Jonathan Fuller, Ross Upshur

Abstract


In a recent discussion paper, Miles and Mezzich described person-centered medicine (PCM) as a model of modern medical practice that has emerged from the intellectual currents of the past century. In this commentary, we consider what PCM has to offer as a model for the clinical encounter and for clinical judgement. The doctor-patient relationship is an important thread in a person-centered medicine that visualizes the clinical encounter as a dialogue between 2 persons. Person-centered clinical judgement is concerned with the individual clinical case and as such is integrative, context-sensitive, interpretive and circumstantial.

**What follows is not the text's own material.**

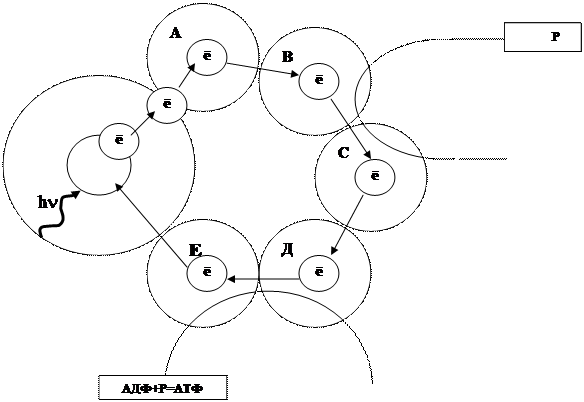 Квант света (рис.1), попадая в молекулу хлорофилла, поглощается. Под влиянием поглощенного света хлорофилл приходит в триплетное (возбужденное) состояние. Поглощенная энергия переводит электроны в сложной молекуле хлорофилла с основного энергетического уровня на более высокий. Богатые энергией электроны не возвращаются в свое нормальное состояние. Вместо этого они отрываются от молекулы хлорофилла и переносятся специфическими молекулами-переносчиками электронов (А, В, С, Д, Е), которые передают электроны друг другу по замкнутой цепи. Проделывая путь вне молекулы хлорофилла, возбужденные электроны передают поглощенную энергию от одного переносчика другому и возвращаются на свой основной уровень в молекуле хлорофилла. После этой процедуры молекула хлорофилла оказывается вновь готовой к поглощению второго кванта света.

A care model incorporating these elements of dialogue and individualized judgement is ideal for older patients, for whom population-level guidelines are often inapplicable, who are often dependent on other persons and who are heterogeneous in their needs. As such a model, PCM is the dialectic synthesis arising out of decades of conflict between patient-centered medicine, and its antithesis, evidence-based medicine. If PCM is to progress from a prescriptive model to a descriptive model of modern medicine, its proponents must claim its philosophical commitments, keeping in mind that a model is fundamentally instrumental and not necessarily always literal. Medicine should look to a care model that is person-centered in the ways described here and that keeps the rational, virtuous and humane elements of practice in balance.